After adding all the containers the protocol actions kick off with growing a fresh liquid culture from a bacterial stock. To achieve a culture of bacteria in an exponential phase of growth.

Liquid handling and culturing bacteria

# Should be dispensing M9, but M9 media isn't a standard reagent at Transcriptic
# Dispense fills the container with standard reagents from Transcriptic
p.dispense(bacteria_prep,
            "lb-broth-100ug-ml-amp",
            [{"column": 0, "volume": "1500:microliter"}])

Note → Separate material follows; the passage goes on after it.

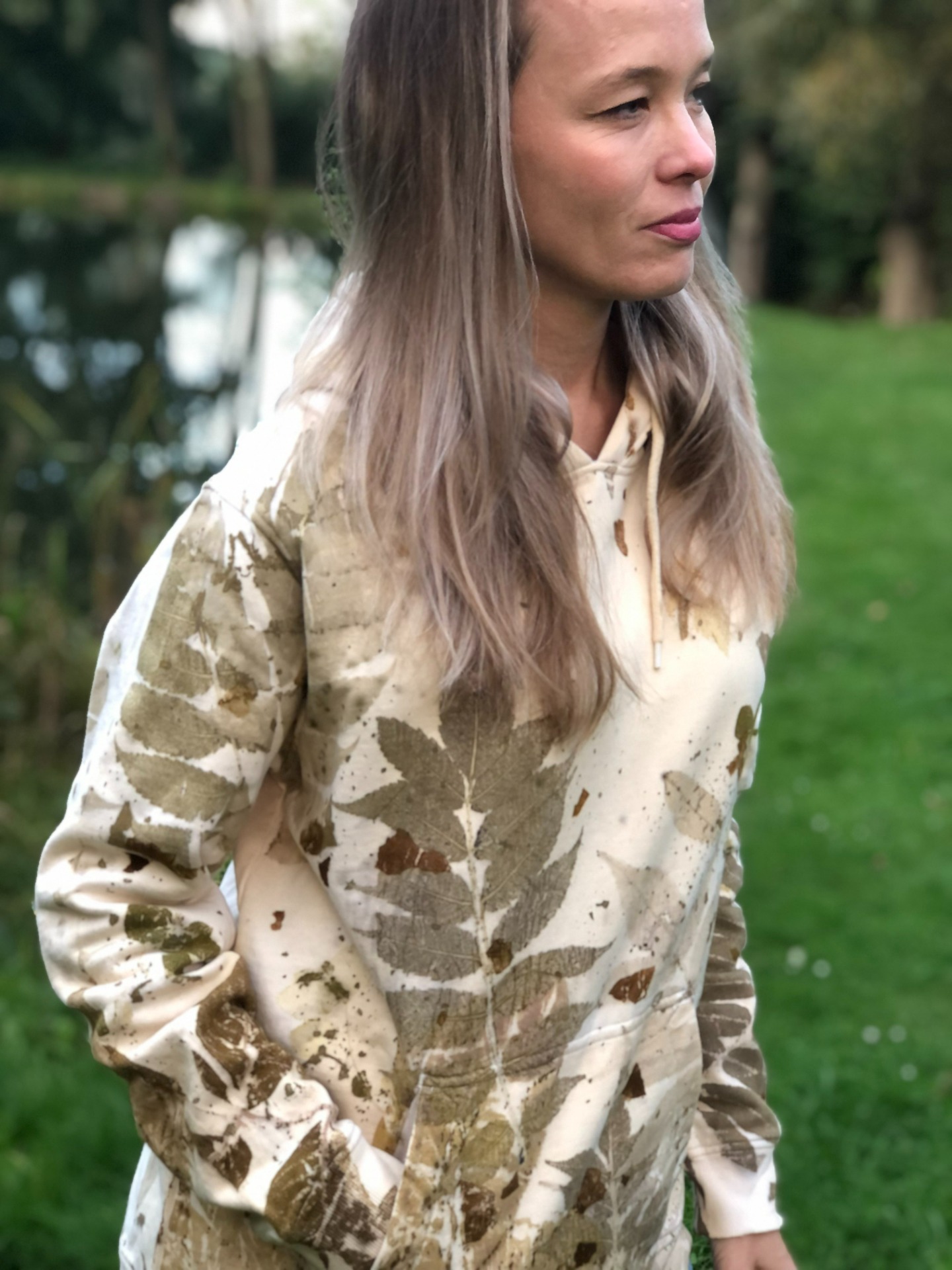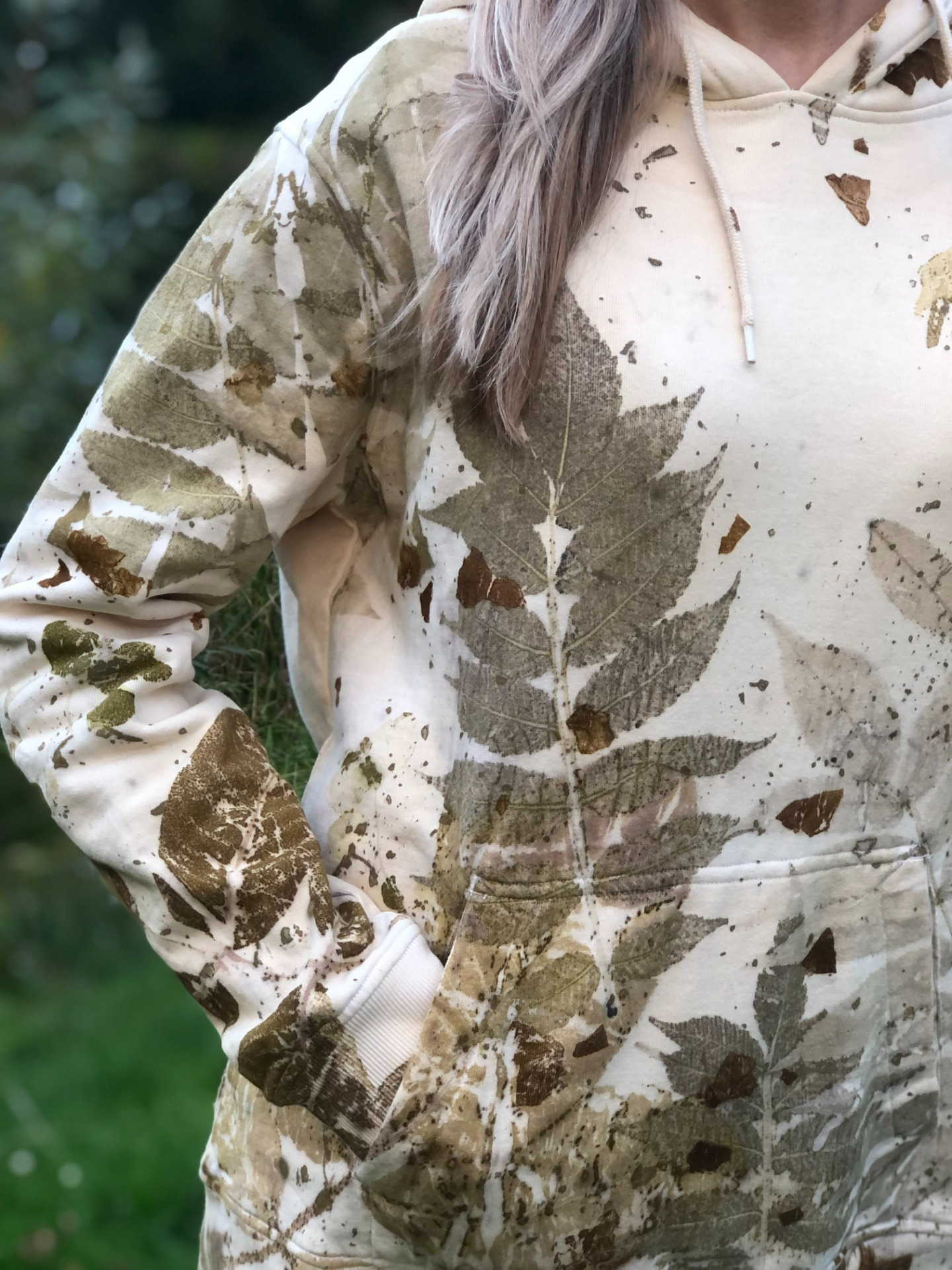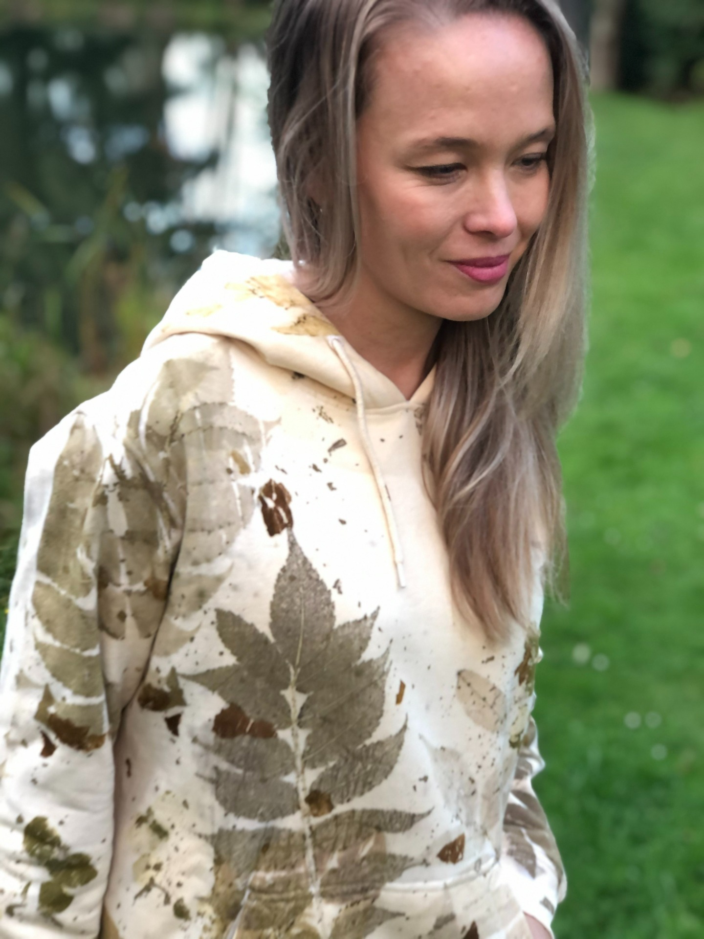 Mikinu sama nešiji, ale pečlivě vybírám kvalitní kousky, které splňují vysoké standardy. Poté je ručně potisknu technikou ecoprint, aby každý kus byl originál.

# Add bacteria from stock container to fresh media
p.transfer(bacteria_stock.well(0).set_volume("1000:microliter"),
           bacteria_prep.well(0),
           "5:microliter")

# Cover the plate prior to shaking incubation
p.cover(bacteria_prep, lid="universal")

# 16hr incubation
p.incubate(bacteria_prep,
           "warm_37",
           "16:hour",
           shaking=True)

# Prep media for overgrowing bacteria sample
p.dispense(bacteria_overgrow,
            "lb-broth-100ug-ml-amp",
            [
              {"column": 0, "volume": "1000:microliter"}
            ]
          )

p.uncover(bacteria_prep)

# Innoculate overgrowth sample
p.transfer(bacteria_prep.well("A1"),
           bacteria_overgrow.well("A1"),
           "20:microliter",
           mix_after=True)

p.cover(bacteria_overgrow, lid="universal")

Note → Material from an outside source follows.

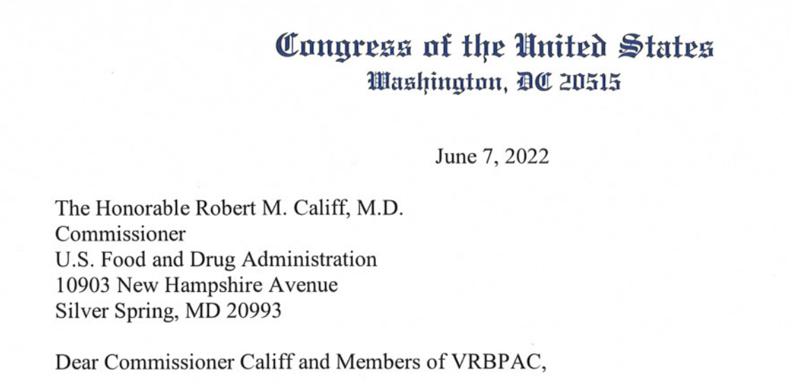 That this letter is necessary and that it is signed by 18 sitting members of Congress is a strong inditement about the state of the FDA. It is shocking that such a letter should be needed.

# Incubate bacteria to guarantee exponential phase
p.incubate(bacteria_overgrow,
           "warm_37",
           "1:hour",
           shaking=True)

p.uncover(bacteria_overgrow)

# Transfer exponential phase bacteria to microplate for the assay
p.distribute(bacteria_overgrow.well("A1").set_volume("1000:microliter"),
             reaction_plate.wells_from(0,4),
             "200:microliter"
             )

OD600 and fluorescence measurements with an arabinose induction step

After the bacteria has been cultured to be in an exponential phase of growth the culture is transfered to another plate where the spectroscopic assay will take place.

During the assay, measurements are made of the OD600, fluorescent emission at 528nm and fluorescent emission at 645nm. These measurements occur twice prior to the expression system being induced by arabinose. Then following induction the 3 spectroscopic measurements are taken every 30 minutes, 8 times.

As an aside I'm pretty sure this code can be cleaned up a lot to remove so much of the repetition.

## Assay time!

# Incubate bacteria at 37 degrees for 3 hours
p.cover(reaction_plate, lid="universal")
p.incubate(reaction_plate, "warm_37", "3:hour",shaking=True)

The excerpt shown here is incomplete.